Meta helped build China’s DeepSeek: Whistleblower testimony

Former Meta executive Sarah Wynn-Williams is set to testify before the US Senate Judiciary Committee on Wednesday, revealing how the company’s AI model, Llama, played a critical role in accelerating China’s AI capabilities — particularly contributing to the rise of DeepSeek.

Actively endorsed by Chinese officials, DeepSeek has emerged as a formidable rival to OpenAI, with its launch costing just $6 million — a fraction of what most large language models require. Its emergence has created ripples across the world with many seeing it as an affordable alternative to AI models from OpenAI and Meta.

Citing “Project Aldrin” as Meta’s secret mission to get into China, Wynn-William’s written testimony stated, “Meta built a physical pipeline connecting the United States and China. Meta executives ignored warnings that this would provide backdoor access to the Chinese Communist Party, allowing them to intercept the personal data and private messages of American citizens. The only reason China does not currently have access to US user data through this pipeline is because Congress stepped in.”

She also claimed that “Meta’s AI model – Llama – has contributed significantly to Chinese advances in AI technologies like DeepSeek.”

According to the testimony, Meta started briefing the Chinese Communist Party as early as 2014, focusing on critical emerging technologies, including AI, the explicit goal being to help China outcompete US companies.

“There’s a straight line you can draw from these briefings to the recent revelations that China is developing AI models for military use, relying on Meta’s Llama model.

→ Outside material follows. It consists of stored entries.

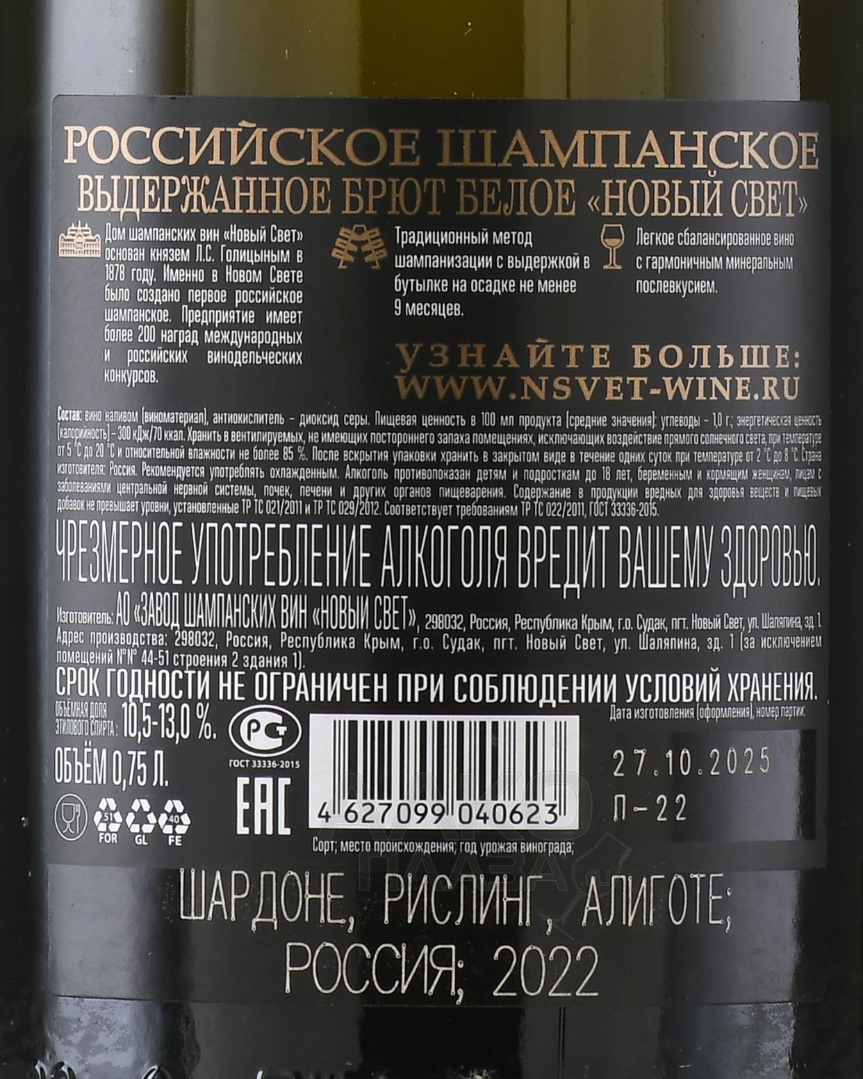 Вино игристое Новый Свет Выдержанное брют белое 0.75 л
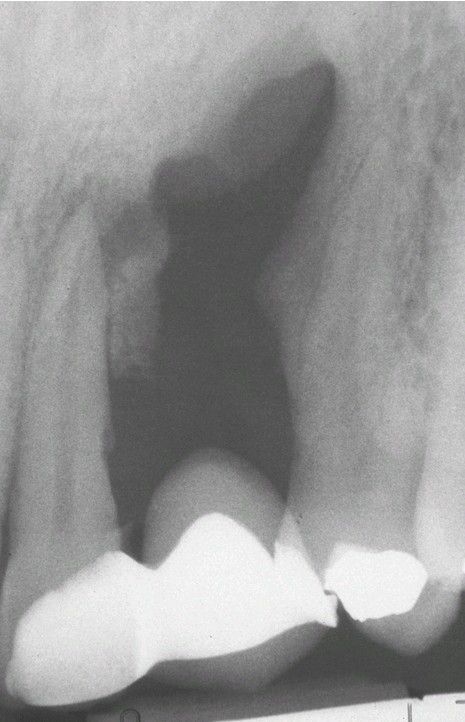 Periapical radiolucency of maxilla at the previous site of extraction in which both cortical plates were lost. The site was filled with dense collagenous tissue.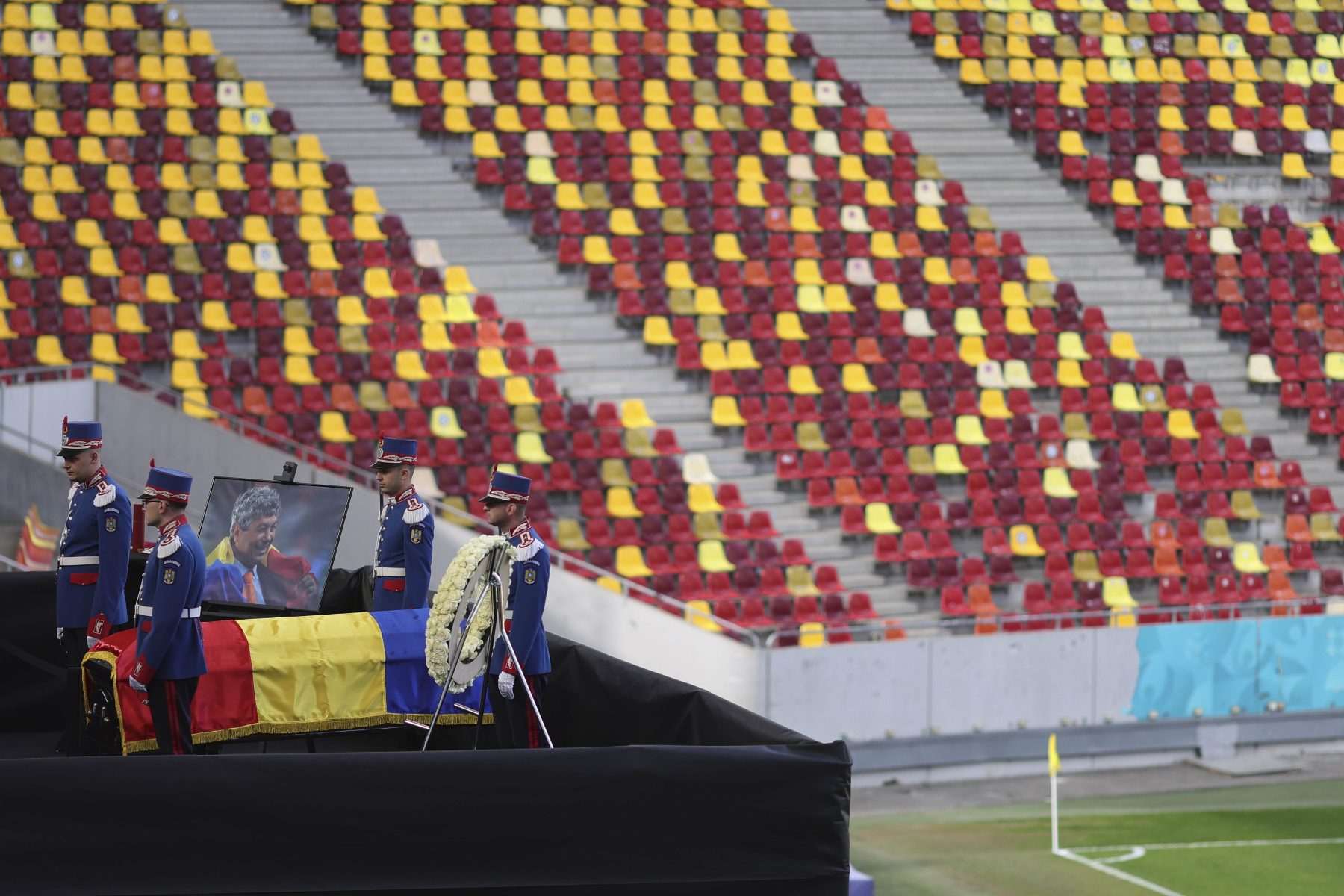 La Arena Națională, mai mulți foști fotbaliști și antrenori, între care Gheorghe Hagi, Dorin Mateuț și Mircea Rednic, au depus coroane de flori pentru a onora memoria lui Mircea Lucescu.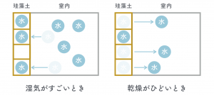 ※自然素材の珪藻土ですから、限界がありますので、極度の乾燥や部屋干しのジトジトには、加湿器や除湿機の利用をおすすめします。

Meta’s internal documents describe their sales pitch for why China should allow them in the market by quote ‘help[ing] China increase global influence and promote the China Dream,’” Williams’ testimony read.

AI Arms Race

These revelations surface at a tense moment in US-China relations, as Washington continues to impose export restrictions on advanced AI chips in a bid to curb China’s progress in developing next-generation generative AI models.

“The United States has introduced regulatory guardrails, including export controls and multilateral agreements, to prevent unintended AI knowledge transfer — particularly to strategic competitors like China. Yet enforcement remains a major challenge, as loopholes and evasion tactics limit effectiveness. The core challenge lies in balancing national security with the need to foster domestic innovation,” said Prabhu Ram, VP of Industry Research Group at CyberMedia Research.

The recent disclosures about Facebook allegedly aiding China in AI development could significantly undermine global efforts to safeguard sensitive AI technologies. If proven true, it may trigger fresh calls for stricter compliance, re-evaluation of public-private partnerships, and even new international AI norms.

Such a breach of trust could erode collaboration among democratic AI powers and give China a strategic edge in critical AI applications, including military and surveillance.

As this new development can put in more guardrails, restricting the development of global AI models, Ram added, “Overly broad restrictions could stifle US research and weaken its global AI leadership. Targeted, proportionate controls and stronger enforcement are needed.”

However, according to a Rest of World analysis, the US and China have been the most frequent partners in AI research over the past 10 years.   

Open-Source at a crossroads

Open-source models such as Llama give developers and companies the freedom to train, fine-tune, and run AI on their own infrastructure — enabling full control over performance, privacy, and cost. They also help avoid lock-in to closed vendors, making it easier to build secure, efficient, and future-ready AI systems tailored to specific needs.

While open source has significantly lowered the barriers to entry for AI innovation, experts believe that Meta’s Llama models have been central to this shift enabling a wide range of companies to build AI solutions. This openness also raises complex questions around ownership, accountability, and national security — especially when models are repurposed in jurisdictions with differing regulatory norms and strategic goals.

This new revelation of Meta playing a crucial role in the development of DeepSeek highlights the growing tension between openness and strategic control. “Emerging markets are likely to accelerate efforts to establish clearer AI governance frameworks — balancing local innovation with context-specific challenges. At the same time, they will seek to reduce risks of misuse and dependency on external foundations through proactive guardrails that ensure responsible oversight and effective management,” Ram said.